Forests feel alive in a way that’s easy to love. They’re visible, towering, and green — obvious symbols of oxygen and life. Photosynthesis, the process through which plants turn light into their food, makes them seem like Earth’s natural life-support system. But the story of where our oxygen comes from doesn’t end on land. In fact, it doesn’t even begin there.
First, we need to talk more about photosynthesis, but before you yawn, consider that it is one of the most powerful processes on Earth. Using sunlight as energy, plants pull carbon dioxide from the air and water from the soil, turning them into sugar for growth and releasing oxygen as a byproduct — what a miracle! Over millions of years, this quiet chemical process reshaped the planet itself during The Great Oxidation Event, where oxygen built up in the atmosphere, making complex life possible and allowing animals to breathe. Early algae mats and plants helped regulate the Earth’s carbon cycle, and some time after, forests cooled the climate and stabilized soils. It’s no exaggeration to say that photosynthesis turned a hostile planet into a livable one.

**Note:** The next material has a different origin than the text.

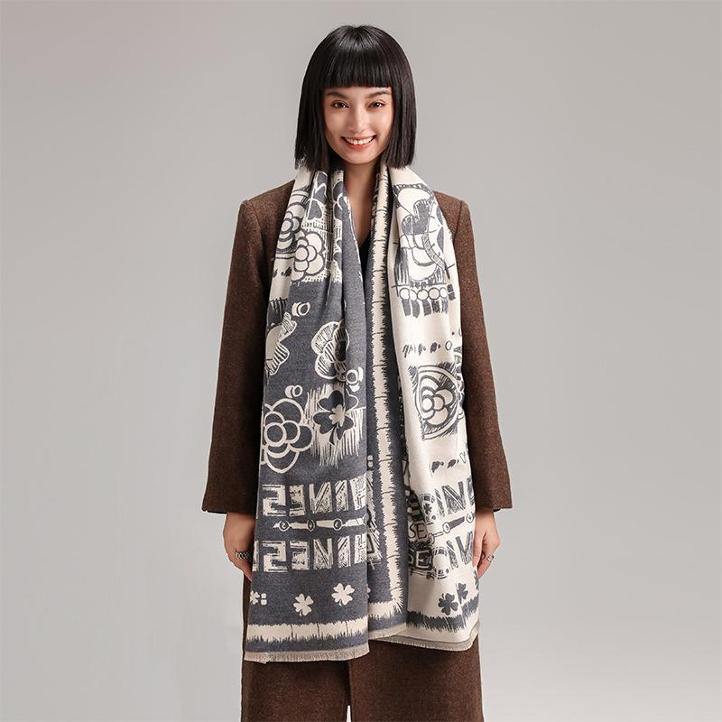 Шарф из имитации кашемира, универсальный, с камелией, четырехлистным клевером, тепловой, для кондиционера, шаль с модным шарфом

But here’s the thing: oxygen doesn’t primarily come from forests, actually, not even from plants. While trees may dominate our imaginations, they aren’t working alone. What if the largest contributors to the air we breathe aren’t towering at all? What if they’re so small that we rarely notice them? To find them, we have to leave the forest behind and look toward… the coast?!
Yes, out in the open ocean, far from forests and shorelines, live the planet’s most important oxygen producers: phytoplankton. Defining them is a complex ordeal, since some can be bacteria or protists but, in essence, most are single cell plants. These microscopic organisms drift near the ocean’s surface and use sunlight to photosynthesize just like plants do, except they exist in staggering numbers, to the point that their seasonal blooms can be seen from space!
Together, phytoplankton and other photosynthetic microorganisms produce over half of the oxygen present on Earth, quietly releasing massive amounts of oxygen into the atmosphere with every sunlit day. They are small, fragile, and largely unseen — but their collective impact is ginormous. Every breath you take is likely owed not to a tree, but to the sea.
What makes phytoplankton easy to overlook is exactly what makes them vulnerable. Because they’re invisible to the naked eye, we tend to ignore them and the oceans that sustain them. Treating seas as if they were endless and secondary to land has resulted in warming waters, ocean acidification, and pollution that are already disrupting plankton communities, threatening the systems that quietly keep our atmosphere breathable. So, the next time you picture oxygen in your mind, imagine not just leaves reaching for sunlight, but microscopic life drifting through blue water. As the Lorax once said, “Unless someone like you cares a whole awful lot, nothing is going to get better.” So, let’s care.